▶ **DATA FOR THE TASK**:
BEGIN

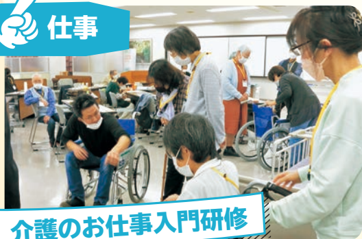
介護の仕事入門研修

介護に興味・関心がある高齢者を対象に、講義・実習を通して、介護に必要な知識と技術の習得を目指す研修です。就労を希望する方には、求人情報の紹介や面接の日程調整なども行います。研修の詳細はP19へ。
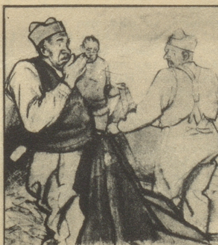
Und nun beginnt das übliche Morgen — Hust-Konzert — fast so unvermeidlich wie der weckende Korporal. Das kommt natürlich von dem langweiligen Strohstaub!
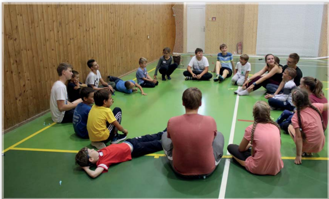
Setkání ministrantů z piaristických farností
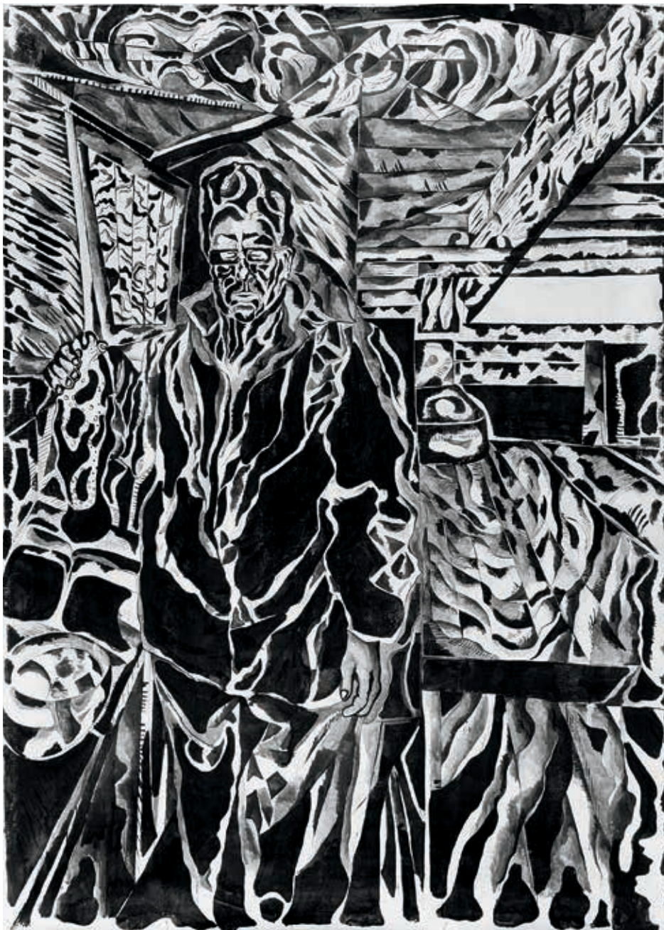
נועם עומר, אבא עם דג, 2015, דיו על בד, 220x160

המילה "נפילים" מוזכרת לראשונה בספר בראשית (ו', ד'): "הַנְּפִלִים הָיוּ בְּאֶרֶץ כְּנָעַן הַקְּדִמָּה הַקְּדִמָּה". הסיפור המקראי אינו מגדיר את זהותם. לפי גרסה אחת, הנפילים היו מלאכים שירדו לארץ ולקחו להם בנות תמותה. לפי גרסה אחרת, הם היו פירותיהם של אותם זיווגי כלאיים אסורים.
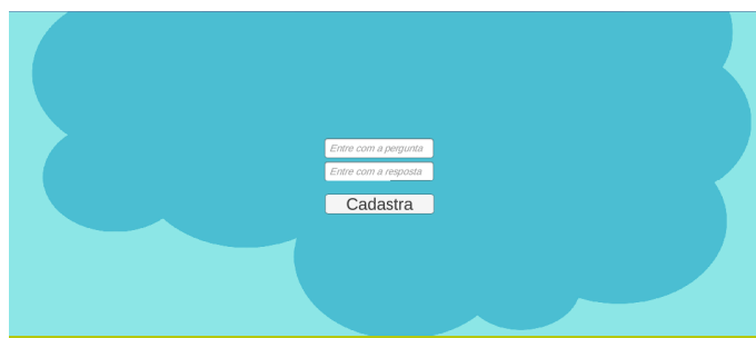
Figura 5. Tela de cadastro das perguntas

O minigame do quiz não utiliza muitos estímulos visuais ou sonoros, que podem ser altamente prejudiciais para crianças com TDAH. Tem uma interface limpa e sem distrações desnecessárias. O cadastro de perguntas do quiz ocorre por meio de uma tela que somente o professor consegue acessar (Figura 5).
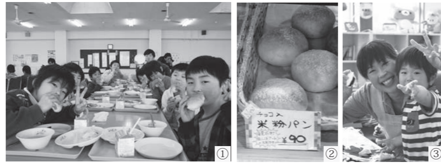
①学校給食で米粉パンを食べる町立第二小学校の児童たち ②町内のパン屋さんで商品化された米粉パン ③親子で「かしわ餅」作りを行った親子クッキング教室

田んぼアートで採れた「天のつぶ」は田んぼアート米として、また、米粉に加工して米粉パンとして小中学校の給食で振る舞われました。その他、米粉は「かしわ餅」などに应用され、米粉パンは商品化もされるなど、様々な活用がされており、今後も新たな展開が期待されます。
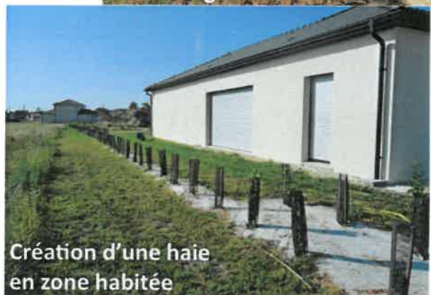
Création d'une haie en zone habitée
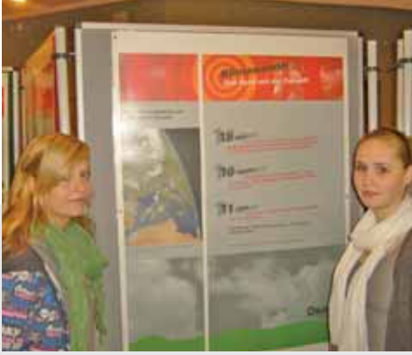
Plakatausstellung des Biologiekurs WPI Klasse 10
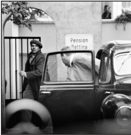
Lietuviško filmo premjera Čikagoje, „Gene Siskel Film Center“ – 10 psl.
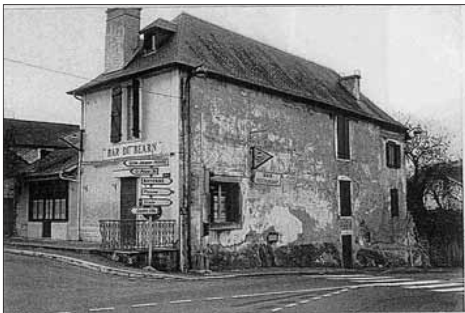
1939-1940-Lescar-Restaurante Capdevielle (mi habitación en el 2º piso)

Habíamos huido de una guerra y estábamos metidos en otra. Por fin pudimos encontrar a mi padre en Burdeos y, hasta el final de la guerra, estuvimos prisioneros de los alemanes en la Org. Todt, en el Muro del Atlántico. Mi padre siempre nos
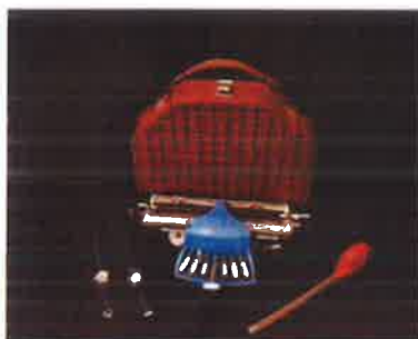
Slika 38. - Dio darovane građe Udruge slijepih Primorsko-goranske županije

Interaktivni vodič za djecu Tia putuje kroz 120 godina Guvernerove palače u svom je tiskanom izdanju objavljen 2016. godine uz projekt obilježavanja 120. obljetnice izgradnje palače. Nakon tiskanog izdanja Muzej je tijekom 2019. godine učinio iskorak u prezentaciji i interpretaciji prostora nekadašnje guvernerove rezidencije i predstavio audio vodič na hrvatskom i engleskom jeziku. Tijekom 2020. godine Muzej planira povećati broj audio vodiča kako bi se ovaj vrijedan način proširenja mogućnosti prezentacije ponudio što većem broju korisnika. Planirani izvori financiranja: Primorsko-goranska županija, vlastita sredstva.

END

▶ **WHAT THE EXERCISE ASKS**: Each line between the one holding "Setkání ministrantů z piaristických farností" and the one holding "Figura 5. Tela de cadastro das perguntas", inclusive, should be copied exactly as it appears above, and pictures should be omitted.

▶ **EXERCISE SOLUTION**:
Setkání ministrantů z piaristických farností
נועם עומר, אבא עם דג, 2015, דיו על בד, 220x160

המילה "נפילים" מוזכרת לראשונה בספר בראשית (ו', ד'): "הַנְּפִלִים הָיוּ בְּאֶרֶץ כְּנָעַן הַקְּדִמָּה הַקְּדִמָּה". הסיפור המקראי אינו מגדיר את זהותם. לפי גרסה אחת, הנפילים היו מלאכים שירדו לארץ ולקחו להם בנות תמותה. לפי גרסה אחרת, הם היו פירותיהם של אותם זיווגי כלאיים אסורים.
Figura 5. Tela de cadastro das perguntas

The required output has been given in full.